Despite the depressing, vivid images in the novel, the reader could not fail to
detect the deep sense of the novelist's humanity. He did not reduce his
characters to virtual zombies. Instead, the novelist kept intact their human
strengths and failings. Amid the the piles of debris in the city, the white
powder chalk and plaster, signs of renewal of vegetation started to shoot up
from the ground. From these bleak surroundings, Böll's beautiful prose was able
to yield a comforting quality of tenderness. The words had lightness and
softness, like sweet bread.
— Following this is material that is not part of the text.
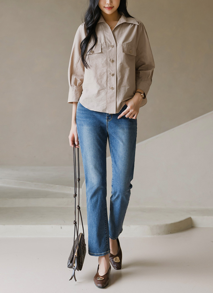 퍼프소매 실루엣의 7부 소매가 여성스러운 분위기를 연출해주어요

It was not really all black smoke and white dust:
He stood up, walked quietly over to the door, and opened it cautiously. Light was coming from the kitchen. The old, blue coat that she had draped over the windowpane let large, yellow beams of light in through its tattered holes, and the rays fell onto the debris in the hall: the axe blade gleamed somewhere and he saw the dark logs, their split surfaces glowing yellowly. He approached slowly and now he could see her. He realized he'd never seen her like this before. She was lying on the couch with her legs drawn up, wrapped in a large, red blanket, reading. He saw her from behind. Her long, damply shining hair seemed darker, tinged with red; it fell across the arm of the couch. A lamp stood beside her, and the stove was lit. A pack of cigarettes lay on the table, together with a jar of marmalade, a loaf of bread that had been cut into, and beside it the knife with its loose, black handle. . . . (130-131) The colours and sheen (blue, yellow, gleamed, dark, glowing yellow, red, damply shining, darker, tinged with red, black) were so lovingly spread over this description of domestic setting and minutiae (coat, windowpane, axe blade, logs, couch, blanket, "book", hair, lamp, stove, cigarettes, marmalade, bread, knife handle) as to drum up the characters' expectations of a return to peaceful, normal circumstances. There was a flicker of love in that passage, a sense that all was not lost. The sense that hunger (physical, spiritual) does not go unfulfilled. The intermittent pangs of hunger only served as their amulet.